Marinette ders boyunca her zamanki gibi dersi dinlememiş, Adrien'ı izlemişti. Ona her ne kadar kızgın olsa da onu hala seviyordu ama o bunu kabullenmek istemiyordu. Yanındaki kızı kıskanıyordu. Teneffüste Marinette Adrien'la konuşmak istemediği için zil çalar çalmaz sırasından kalkmış, koşar adımlarla sınıftan çıkmıştı. Nino'yla konuşması gerektiğini unutmamıştı. Sınıftan çıkınca Nino'ya okulun arka bahçesine gelmesini mesaj attı. Nino'da mesajı görünce bahçeye yöneldi. Adrien ise sıkıntıyla iç çekmişti. Yeni kızlar da durumu merak etmişlerdi. Rumeysanur ne olduğunu merak edip Adrien'ın yanına yöneldi. Ama ona sormaktan vazgeçti, onu daha fazla üzmek istemedi. O da Alya'nın yanına gitti.

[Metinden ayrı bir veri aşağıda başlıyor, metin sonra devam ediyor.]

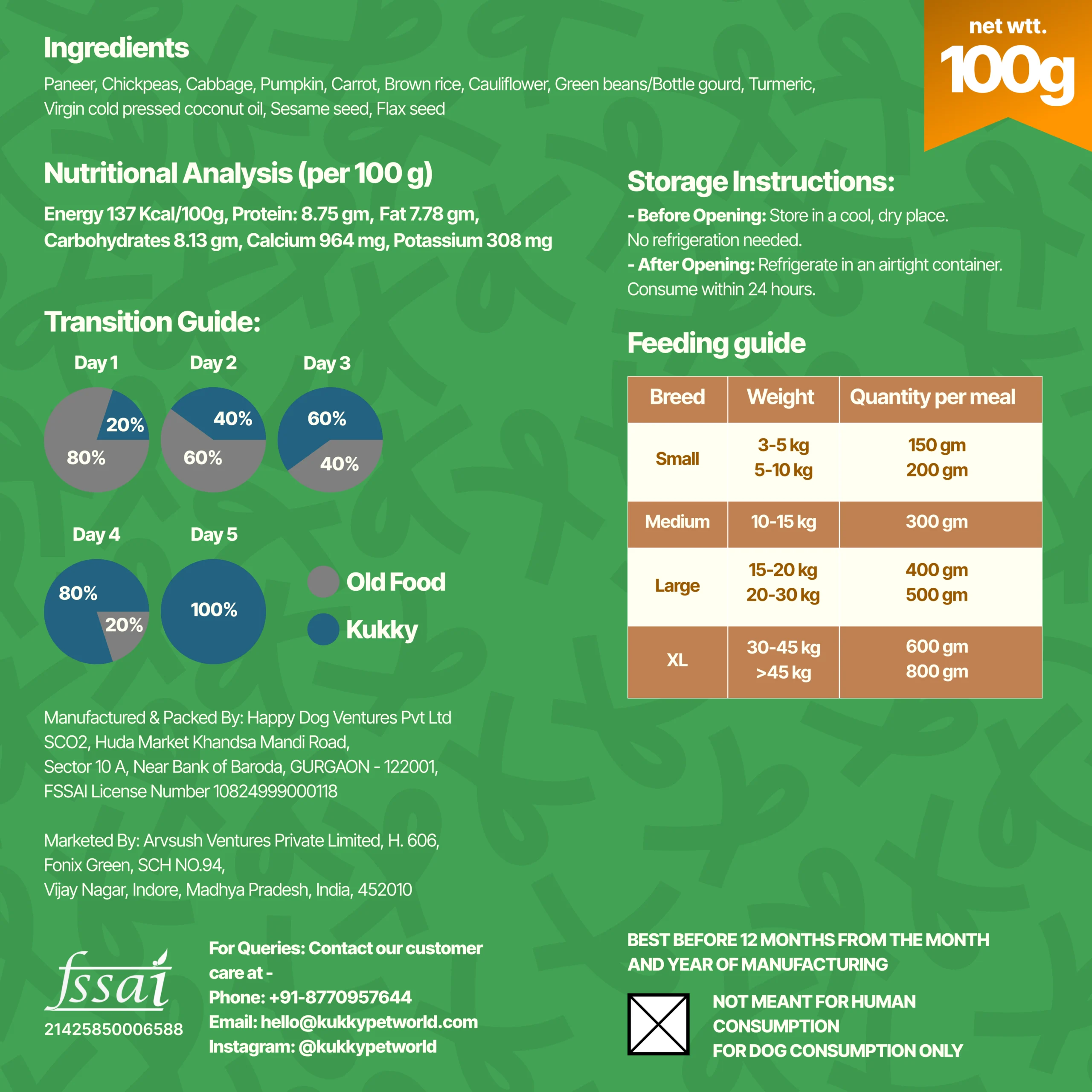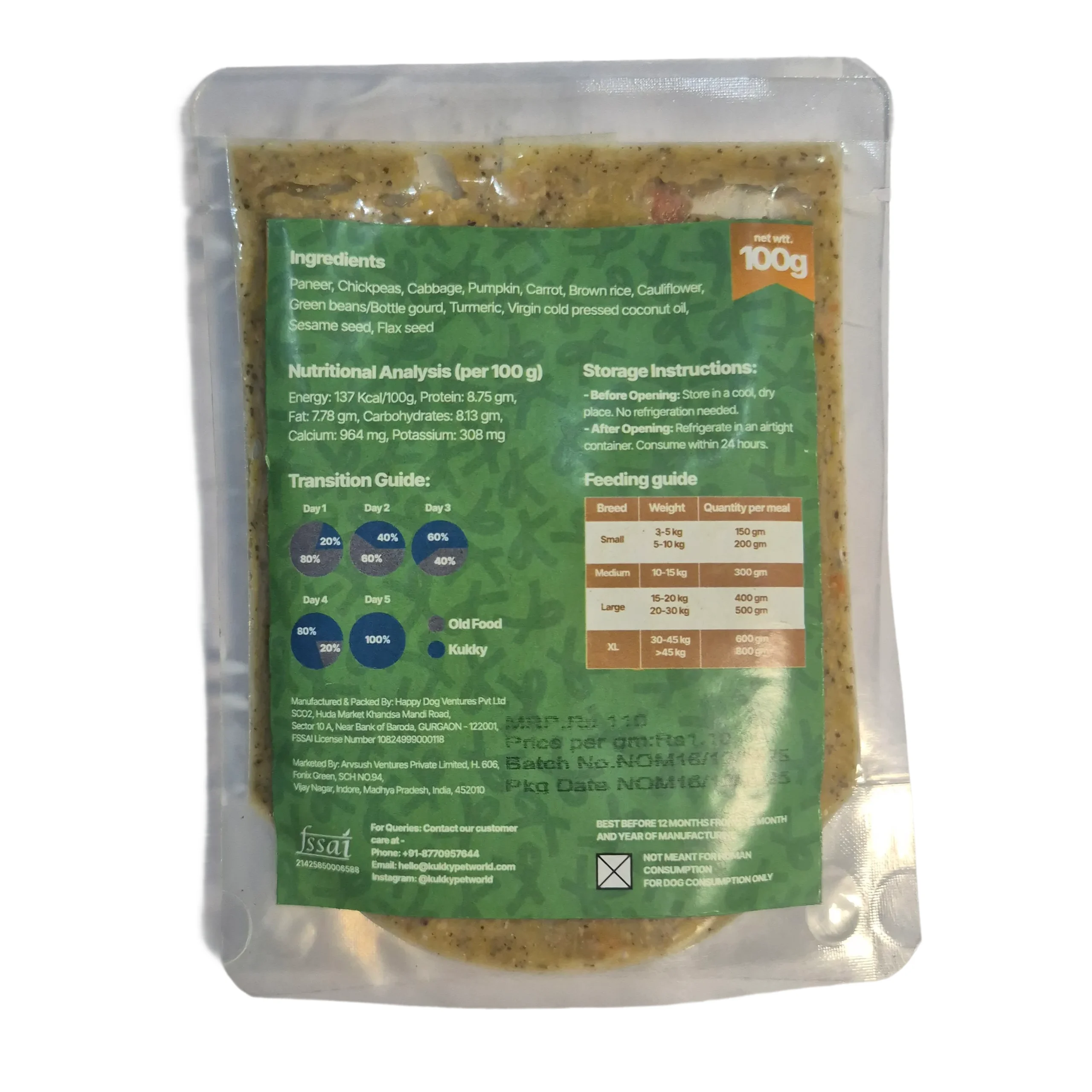 A wholesome, pure-veg, premium dog meal made with paneer + chickpeas for a tasty, satisfying protein combo. Balanced with brown rice for gentle energy, and a veggie mix of pumpkin, carrot, cabbage, cauliflower, and green beans/bottle gourd to support smooth digestion and everyday gut health.

"Alya?" Alya Rumeysanur'a döndü.

"Evet?"

"Şey, Marinette ve Adrien'a ne oldu? Araları kötü gibi." dedi Rumeysanur, sınıftan çıkan Adrien'a bakarak. Bunu duyan yeni kızlardan biri yani Buse yanlarına geldi.

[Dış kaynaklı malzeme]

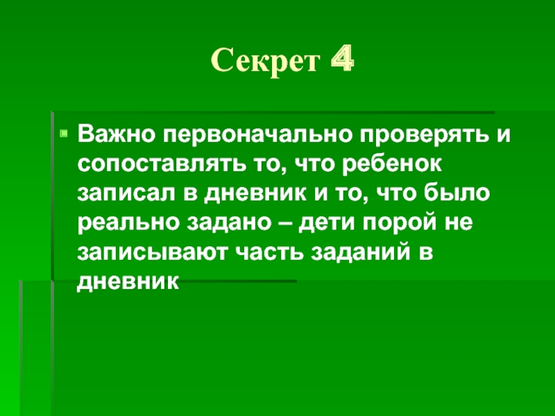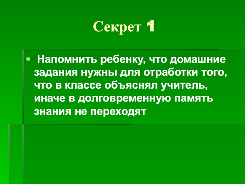 Не давайте ребенку дополнительных заданий кроме тех, которые ему задали в школе.
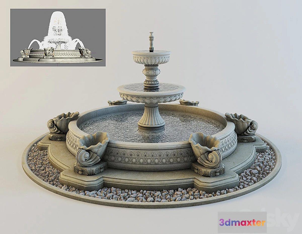 a High-Poly 3d Model with Particle Fountain Classic Fallen Water.
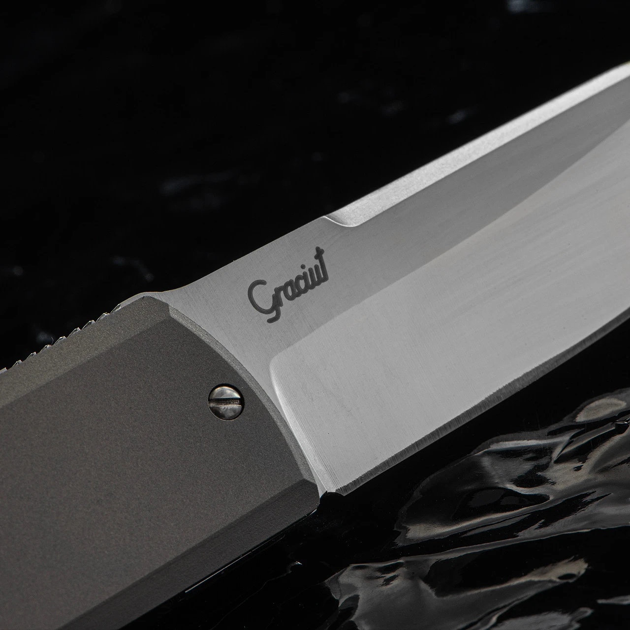 The thick set handle really fills the hand and is made from Titanium, one of the strongest materials known to man. It looks pretty cool too!
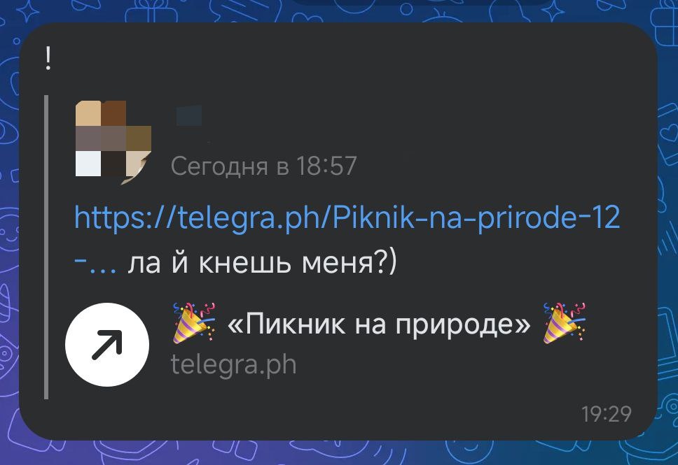 Недавно я получил сообщение от знакомой в социальной сети «ВКонтакте». В нем была просьба перейти по ссылке telegra.ph (блоги Телеграм) и поставить лайк, а затем кликнуть на её имя в ВК (она сменила фамилию). После перехода по ссылке я попал на сайт greenholt.rest/miaca, оказавшийся фишинговым ресурсом, созданным для кражи данных учетной записи Telegram. Этот ресурс создаёт параллельное подключение к вашему аккаунту (как при использовании web-телеграма) и сразу же получает доступ, удаляя ваше настоящее подключение. Этот случай заставил меня задуматься о подобных угрозах и поделиться своими наблюдениями. Фишинг – это такой тип обмана в интернете, когда тебе приходят письма или сообщения якобы от кого-то знакомого, а на самом деле это мошенник. Он хочет хитрым способом узнать твои личные данные, например, пароль или номер телефона. Часто такие письма ведут на фальшивые сайты, которые очень похожи на настоящие, но сделаны специально, чтобы тебя обмануть. Вот несколько признаков, на которы
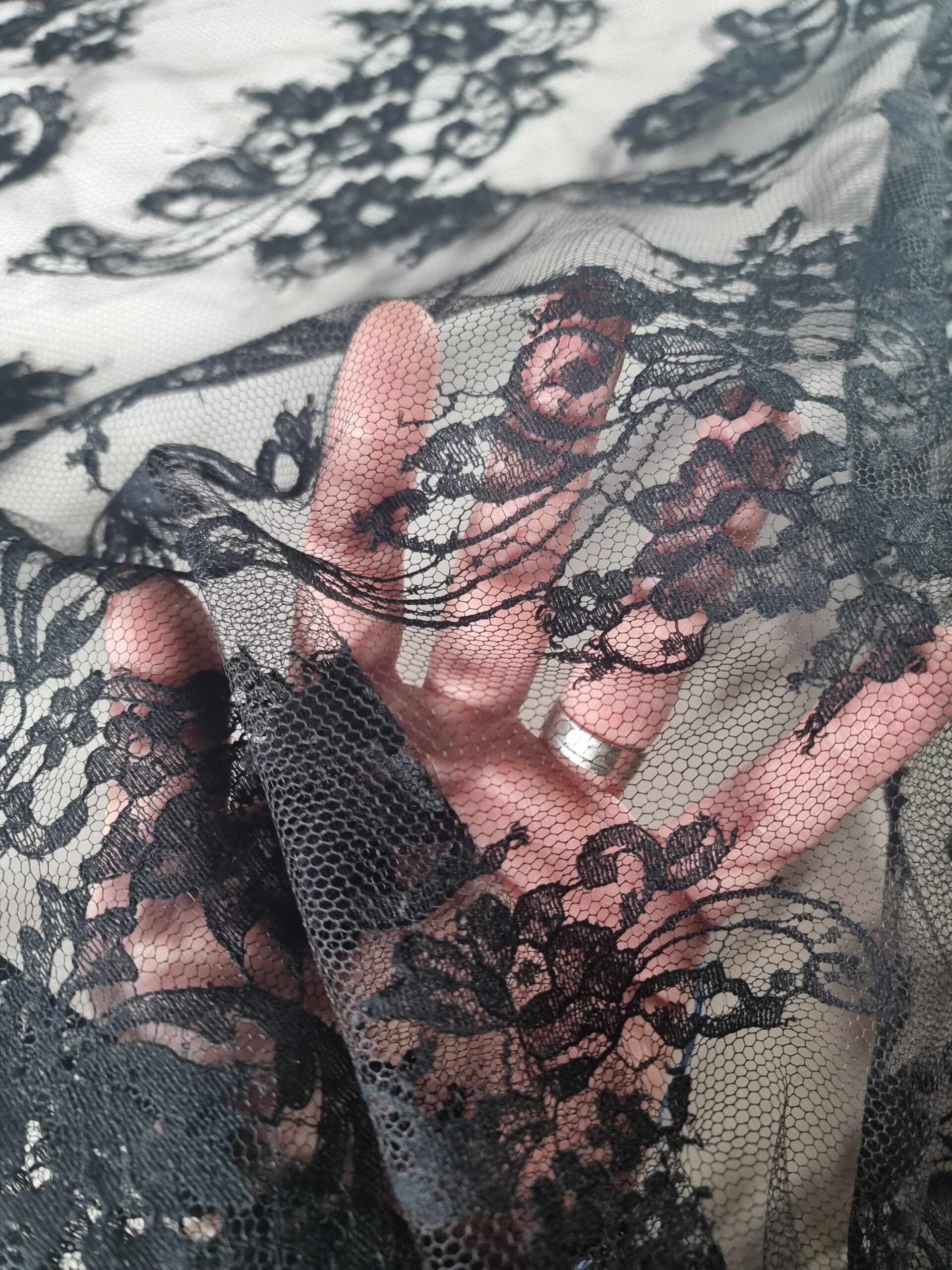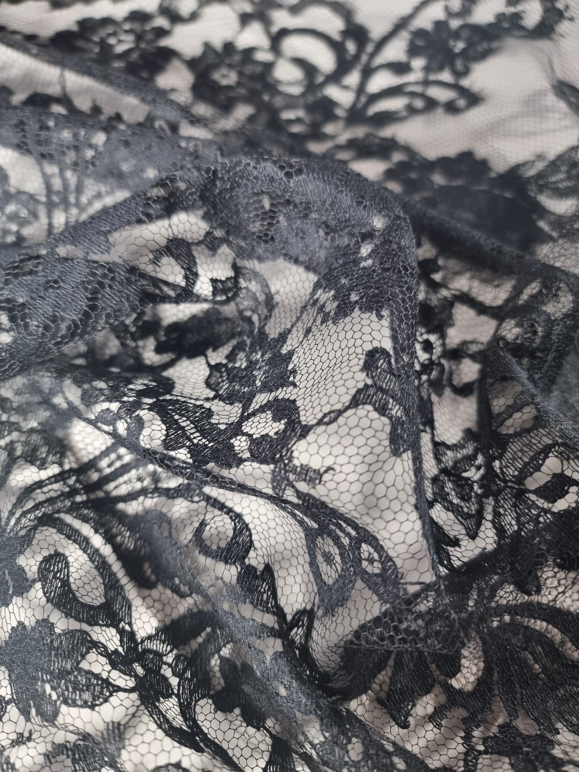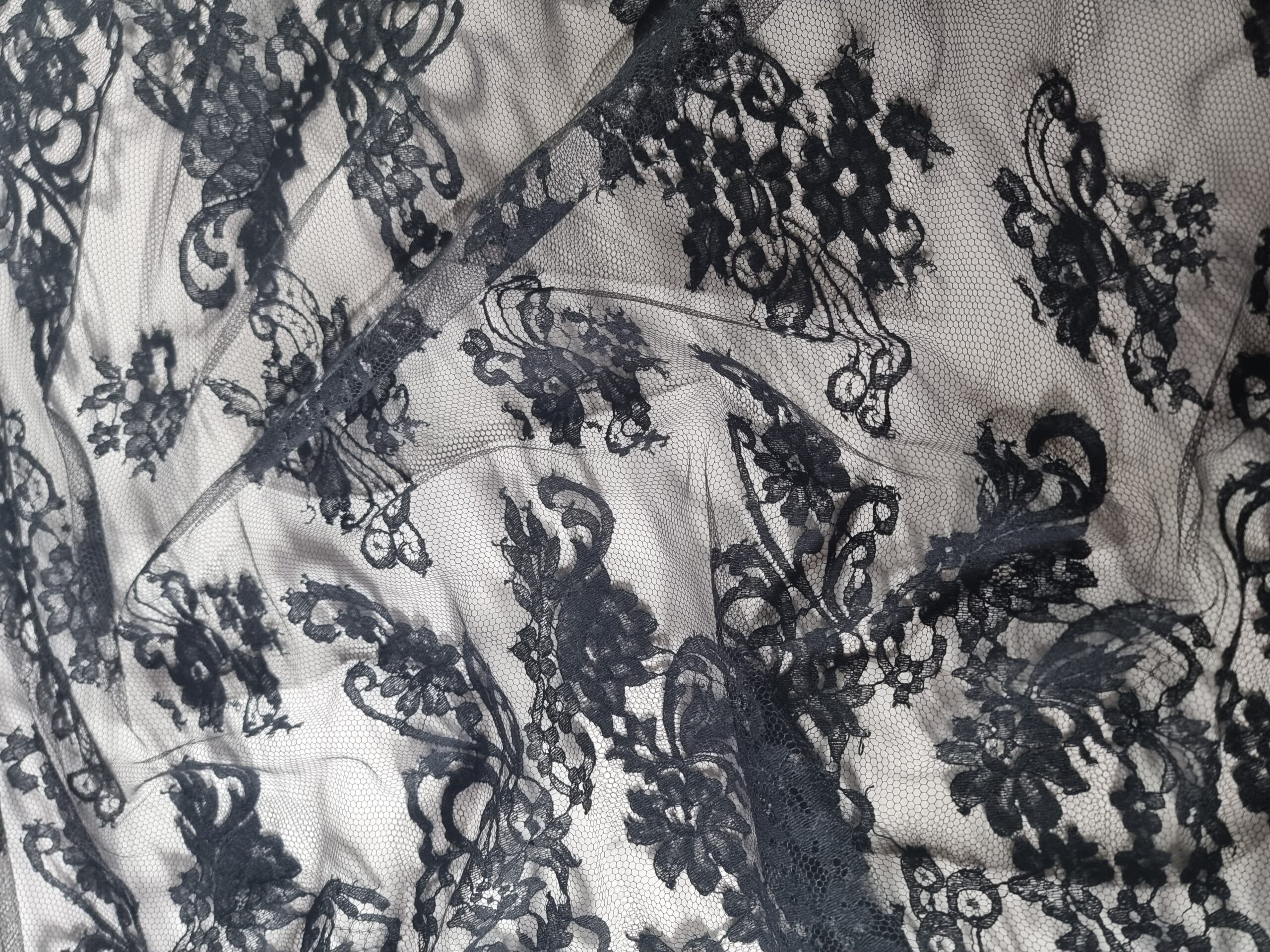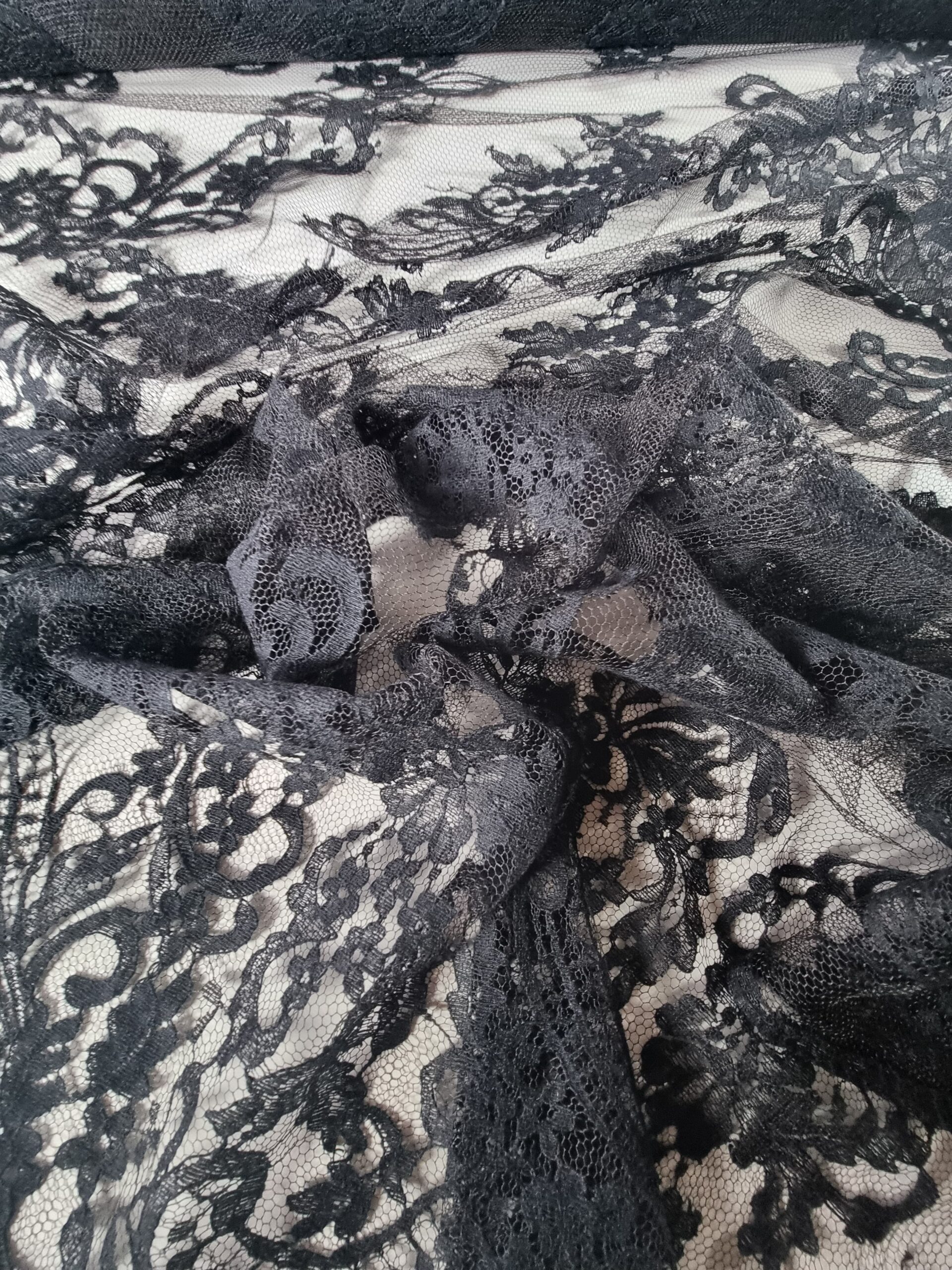 Dantela premium din fibre naturale cu design floral si borduri laterale, Negru

"Duymadın mı? Dün akşam Eiffel Kulesinde olanları." diye sordu Buse.

"Açıkçası hayır, duymadım." Alya telefonundan Ladyblog'a girdi ve o videoyu açıp telefonu Alya'ya verdi: (Aşağıdaki italik yazıları okumanıza gerek yok Eiffel Kulesi'ndeki Marinette ve Adrien'ın kavgasını yazdım. Ama olayları hatırlamak isterseniz okuyun.)

"'Kes şunu Lila!" diye bağırdı Adrien. "Ben ne senden, ne de Marinette'den hoşlanıyorum! Bunu o küçük-beynine-sok!" diye bağırdı. Son cümleyi söylerken her kelimeyle birlikte işaret parmağını sallıyordu. Marinette üzgün görünüyordu. Dudağı siyahtan laciverte dönmüştü. 

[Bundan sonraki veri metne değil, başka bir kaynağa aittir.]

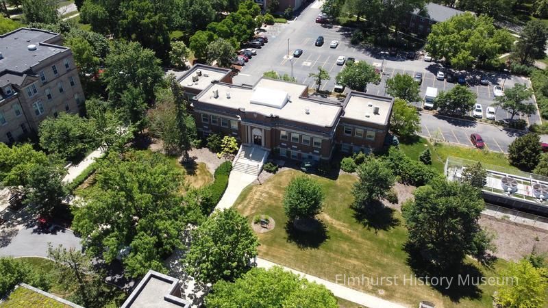 Aerial View of Elmhurst University Campus, focusing on Memorial Hall.Photograph Details
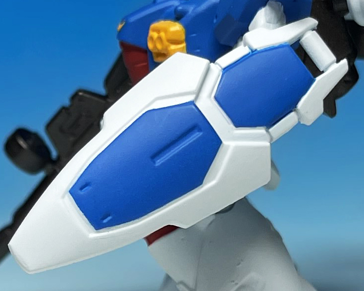 本体色のブルーとダブルガトリングガンのグリーンの色味の違いもしっかりと再現しております!
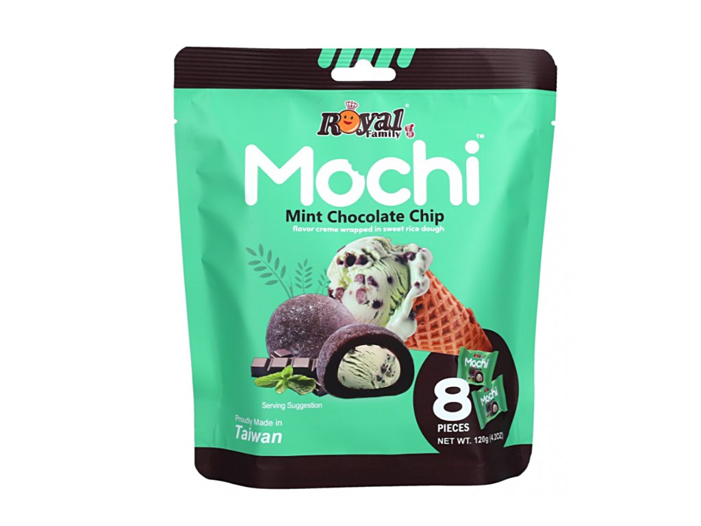 Doživite savršenu harmoniju osvježavajuće mente i bogate čokolade u ovom jedinstvenom desertu tajvanskog brenda Royal Family. Mekano, žvakasto rižino tijesto skriva ukusnu kremu s osvježavajućim okusom mente i male komadiće čokolade koji ugodno hrskaju. Ovaj desert, inspiriran omiljenim sladoledom na svijetu, odličan je izbor za ljubitelje klasičnih okusa. Pakiranje sadrži 8 pojedinačno zamotanih komada.

"Ah, Marinette'ini üzdün. Söylediklerine dikkat etmelisin." dedi Lila pis pis sırıtırken. "Ve ayrıca, benim adım Lila değil, benim adım PainedKisser!" Adrien iyice sinirlenmiş gibi görünüyordu.

"O benim Marinette'im değil! O benim arkadaşım! Bir kere kafeye gidip buluşmuşuz diye sevgili mi oluyoruz yani? Ben Marinette'le asla çıkmam!" diye bağırdı. Marinette'in dudak rengi lacivertten koyu maviye döndü.

"Ne yaptığına bir bak Adrien. Kızı ağlatmayı mı planlıyorsun?" diye bağırdı arkadan Nino.

"Sinirli halindense üzgün halini tercih ederim." dedi Adrien. Sesi titrek çıkmıştı. PainedKisser'ı yakalayacaklarken Marinette'in ağlama sesleri duyuldu. Dudağı tamamen maviye dönmüştü. Adrien Marinette'in yanına gitti.

"M-Marinette..." Elini tutmaya çalıştı ama o hızla elini çekti.

"Dokunma bana!"

"Marinette orada söylediklerim PainedKisser'ı kandırmak içindi."

"PainedKisser'ı kandırmak için mi, yoksa kendini o söylediklerine inandırmak için miydi?!" diye bağırdı.

"Bak, Marinette..."

"Bana dokunma dedim!" diye bağırdı. Gözyaşları hiç durmaksızın akıyordu.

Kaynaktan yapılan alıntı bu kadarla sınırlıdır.